Shouldn't be a big problem. But yes, I wish I didn't need the register. 
Maybe we can use a pointer at a global address, which contains a value 
equivalent to what I have in edi, and change it with every context 
switch. This would acheive the same essential results, but without using edi.
Good enough?

> which means access to those usually priviledged fields is cheap.
> This would also save that one general purpose register !
>    Also, swapping esi and esp as stack and code pointers
> could be an interesting experience, etc.

I mentioned swapping ebp with some other reg. Why swap esi and esp? I 
can't see what this would do.

>    Finally, because high-level languages may rely on a blazing fast heap,
> some stack may be merged with the heap, with a requirement that at
> PAUSEs, it follow some restrictive layout.
>    You can find some more tricks in the tunes files,
> particularly the doc/draft document and i386 oriented files.

You mean something like alloca? (C function allocating data on stack, 
automatically disappears on exiting function.) This is certainly 
possible. So is allocating stacks inside heaps, but the advantages of 
using guard pages would go away, so this would work best if only used by 
stacks we are sure won't increase beyond a fixed size.

>    Because people often like allocating consecutive pages,
> both physical or linear memory,
> some more elaborate concept might be needed to manage page
> chunks by size.

Well, consecutive physical pages would be needed by DMA, and for video 
buffers, but I didn't want to drasticly complicate the discussion this 
early. Other than that, I don't see much reason for consecutive physical 
Consecutive pages in linear space would be accomplished by some of the 
other functions which would map them somewhere. Naturally consecutive 
linear addresses need not have anything to do with physical addressing.

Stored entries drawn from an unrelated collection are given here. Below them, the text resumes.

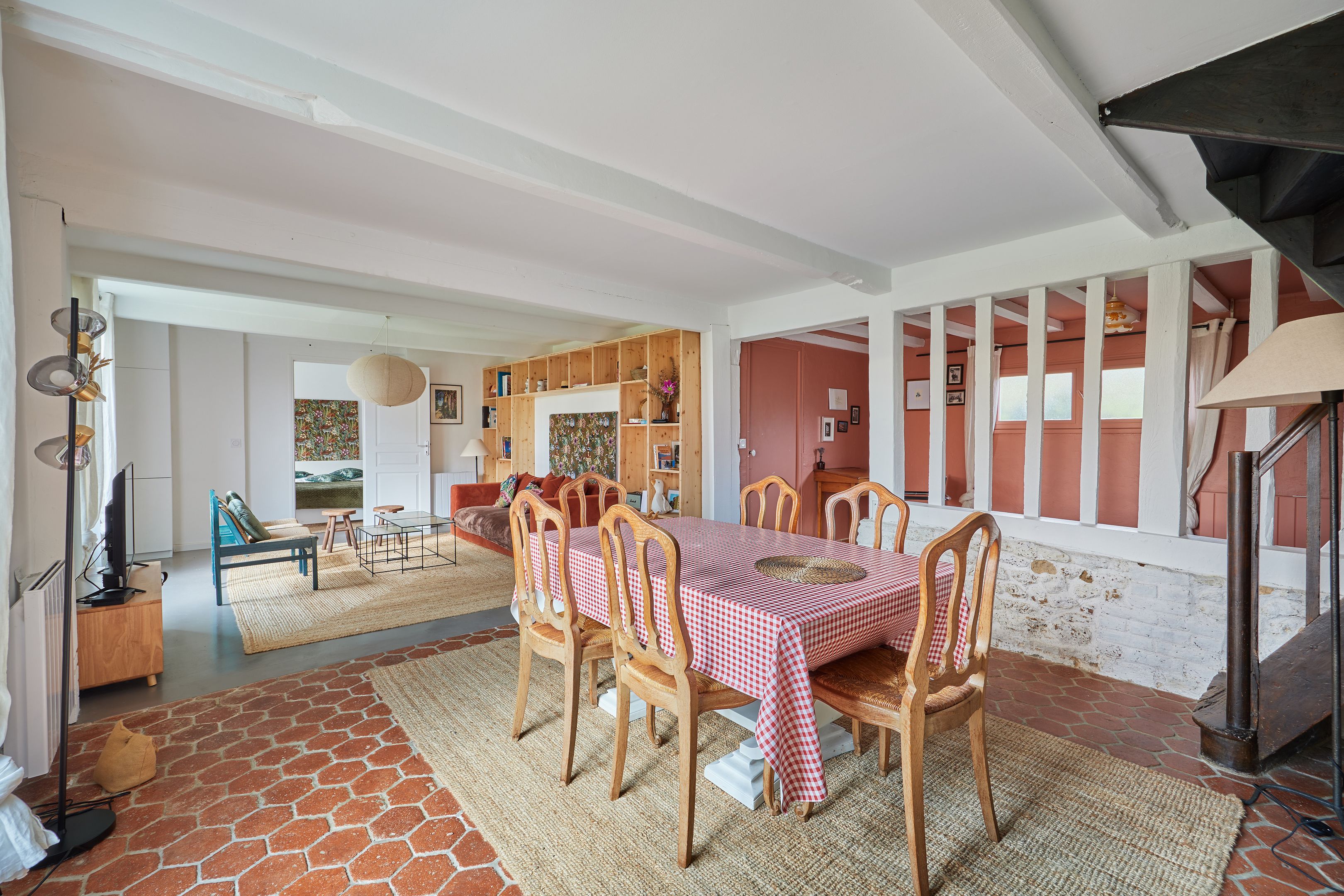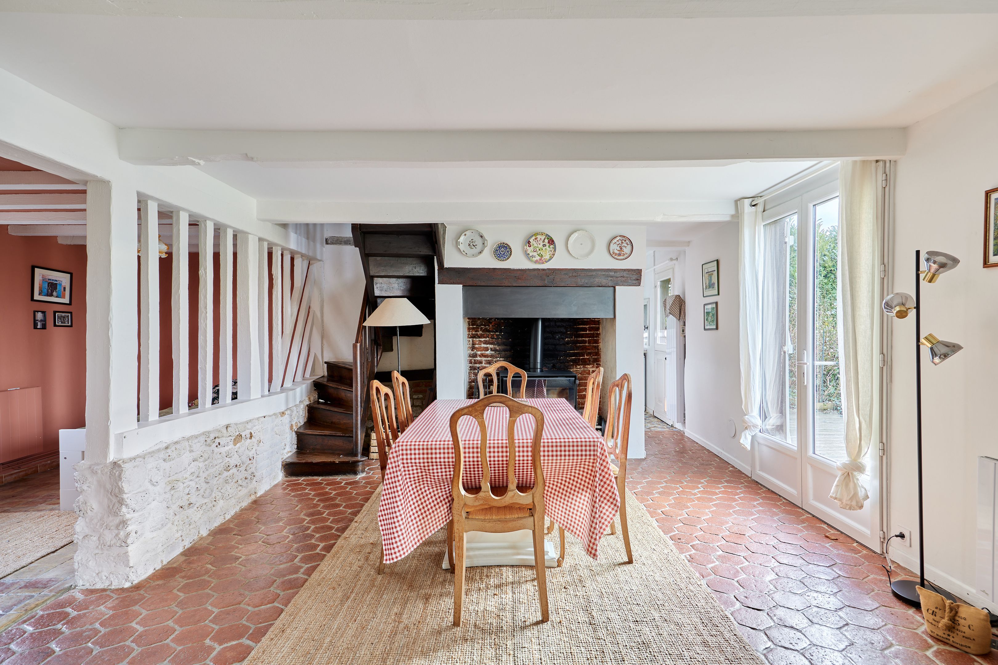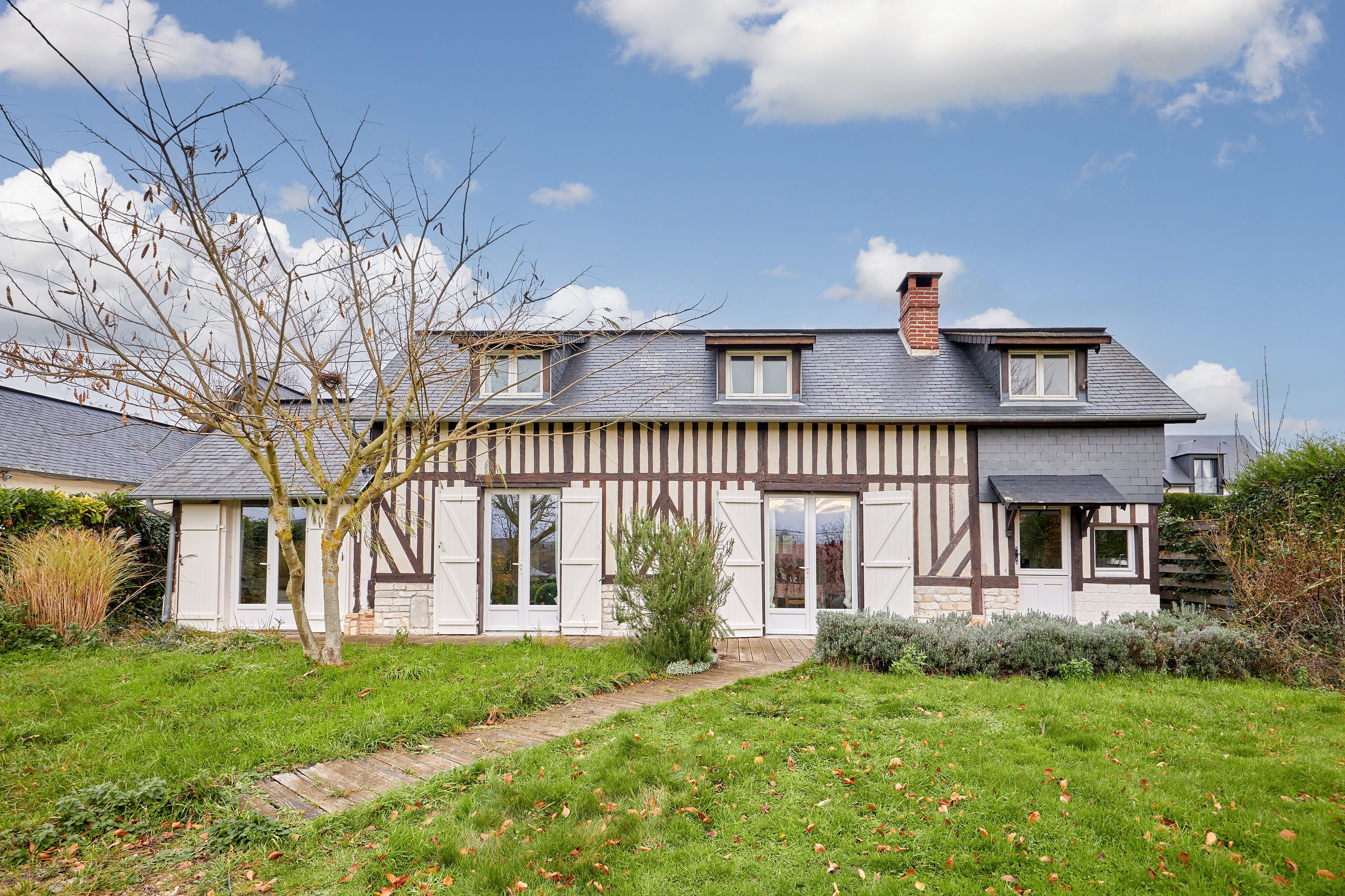 À 10 min de Deauville, charmante longère de 106 m² édifiée sur un terrain de 847 m² entièrement clos. Au rez-de-chaussée : pièce à vivre avec insert ouverte sur la terrasse exposée sud-ouest, petit salon, cuisine dinatoire indépendante, buanderie, chambre avec placards, salle d'eau avec toilettes. À l'étage : large pièce palière, deux chambres dont une avec toilettes. Abri de jardin.
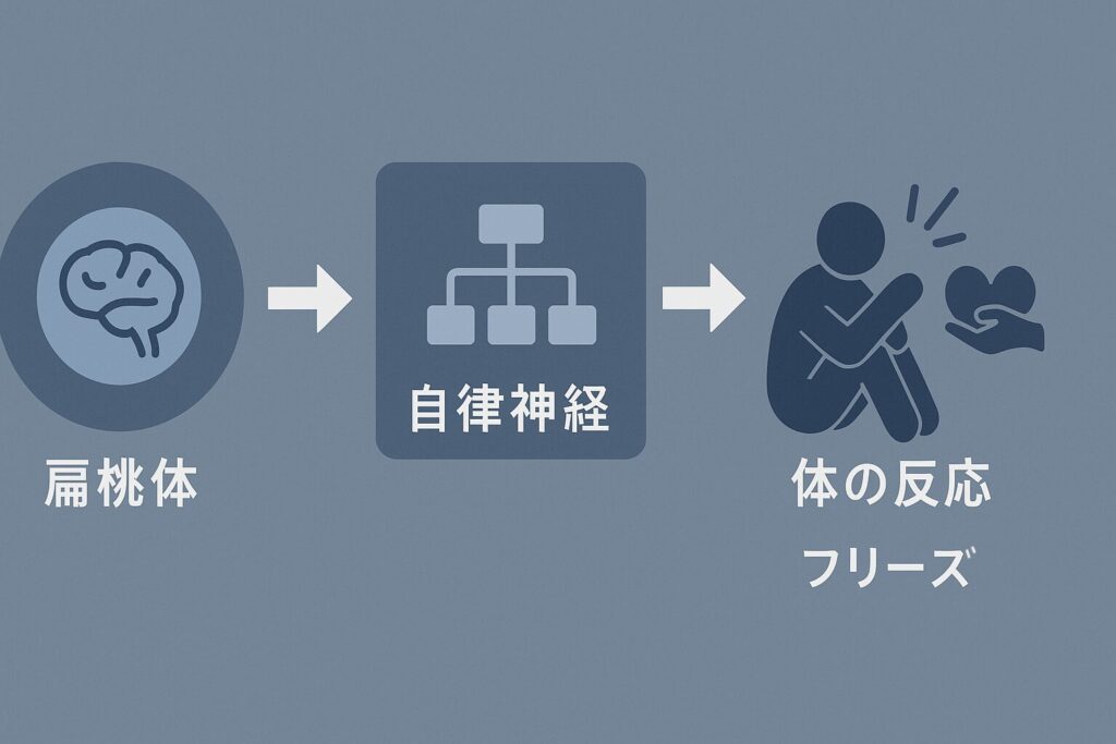 これは、極度のストレスや恐怖で体が固まる(フリーズ)ときに起こります。
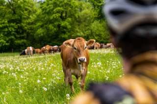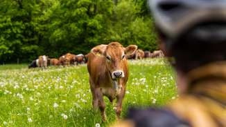 Le mucche proteggono i loro vitellini e possono diventare aggressive se si sentono minacciate. Pertanto, è necessario mantenere sempre una distanza sufficiente dagli animali. I piccoli non vanno toccati e i cani vanno tenuti al guinzaglio corto. I cancelli dei pascoli devono essere lasciati come sono stati trovati.

> > I need to have some kind of heap management,
> > and I'm leaning toward using
> > something more like malloc than the Forth setup.
> > I want to be able to
> > FORGET individual words, as well as whole vocabularies. Normal Forth can't
> > really do either, which I think is stupid.
>    Because the HLL need it altogether,
> I propose there be a garbage collected heap,
> and that such be the standard interface for memory allocation;
> also, several kinds of allocators functions shall be interfaced,
> according to particularities of allocated object:
> are they constant, pointer-free, do they require special GC measures, etc.
> Even though particular implementations
> be not required to provide its full semantics,
> moving collection and all the bells and whistles.
Hmm. That will be complicated. We'll have to work together on that, 
because my experience doesn't cover that. It sounds like you're talking 
about memory objects with various attributes, in addition to size. A 
flags cell might take of this?

> > Less than 32 bit pointers would be a nuisence:
> > either it would limit address space, or it would make accessing
> > characters awkward. Both are very difficult to accept.
>    Well, you need word-alignment for efficiency anyway.

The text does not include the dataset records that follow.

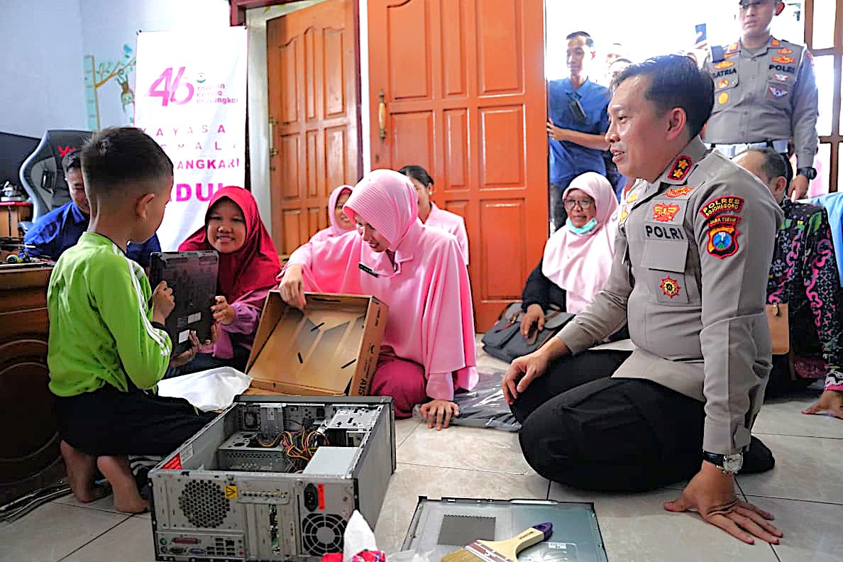 Hari Jadi YKB ke-46, Kapolres Bojonegoro Beri Hadiah Laptop Bocah Jago Perbaiki Elektronik
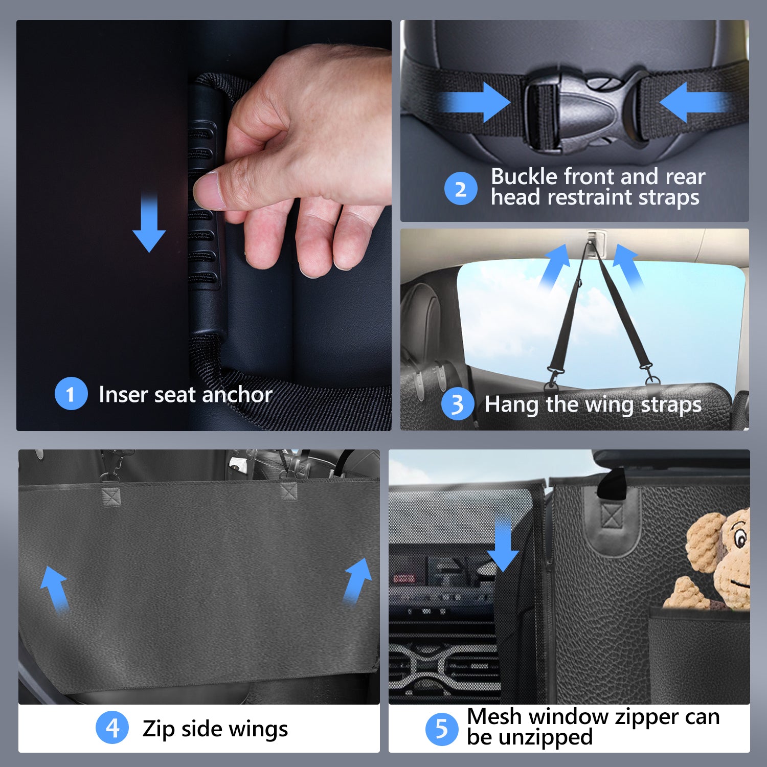 【MESH WINDOW, THICKENDE WEBBING & STORAGE POCKETS】 ROUWINNE Dog Backseat Extender has a mesh window for more breath ability, allows your dog to see you and reduce anxiety. The mesh window is also equipped with non-slip zippers on both sides, through which you can also interact with your dog. The encrypted and wider webbing latch is more sturdy, and this dog back seat extender also has two large capacity storage pockets to put your dog's toys and snacks in. Take your dogs on a safe trip!
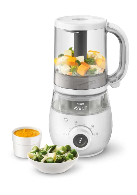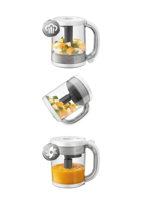 Παρασκευαστής υγιεινής βρεφικής τροφής 4 σε 1 που λειτουργεί σαν ατμομάγειρας και μπλέντερ και παράλληλα, διαθέτει λειτουργία απόψυξης και αναθέρμανσης φαγητού. Μαγειρέψτε έως και 4 γεύματα κάθε φορά με την κανάτα χωρητικότητας 1000ml. Διαθέτει ηχητική ειδοποίηση ολοκλήρωσης του μαγειρέματος στον ατμό, απόψυξης και αναθέρμανσης. Περιέχει σκεύος αποθήκευσης 120 ml, σπάτουλα και βιβλίο συνταγών.
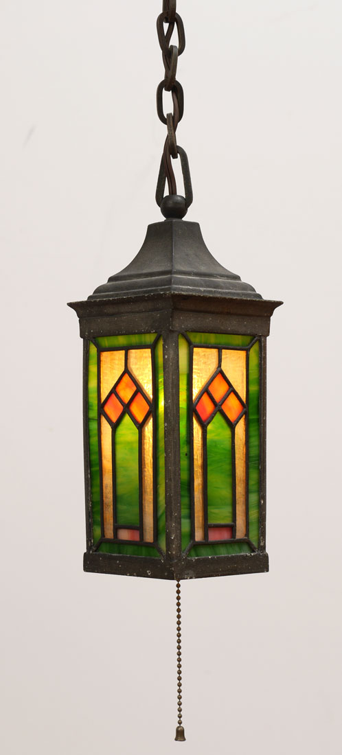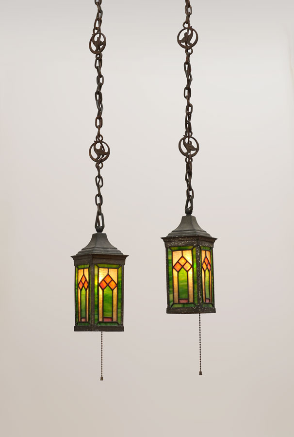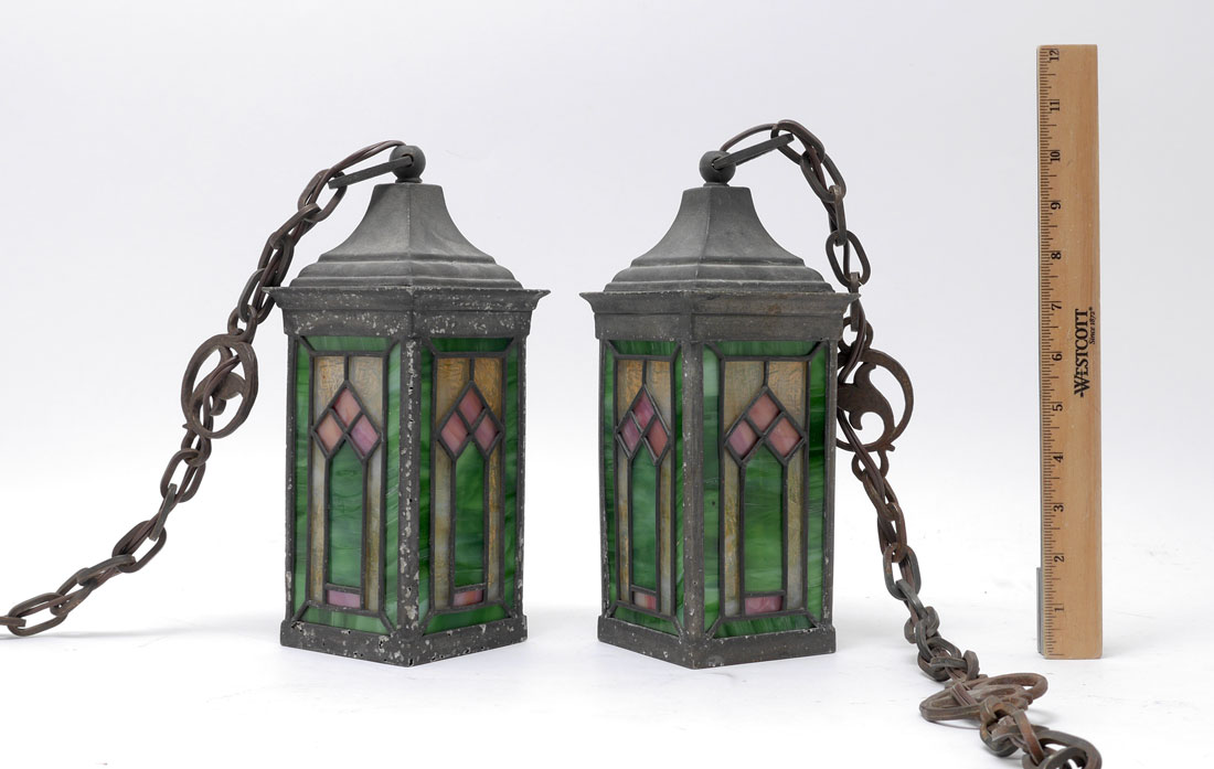 PAIR OF ARTS AND CRAFTS HANGING LEADED FIXTURES: 4-sided hanging light fixtures with polychrome leaded glass panels, metal frame, cast iron chains. 10 1/4'' h. x 3 1/4'' x 3 1/4''.

Right, I was planning on dword aligning all heap allocations. :)

> Isolated instring character access is rare enough to suffer some additional
> cost (base+offset),
> while string access won't suffer much from it.
>    Also, only parts of the memory marked as possible pointer suffers
> this coding restriction. And only at PAUSEs and safe-points for GC
> and multithreading. Otherwise, all the usual hacks can be used
> inside a computation, plus many new ones...
>    Sure, I felt uneasy myself with such a restriction.
> But now it looks quite natural to me:
> the advantages of a moving GC far outweight the disadvantages...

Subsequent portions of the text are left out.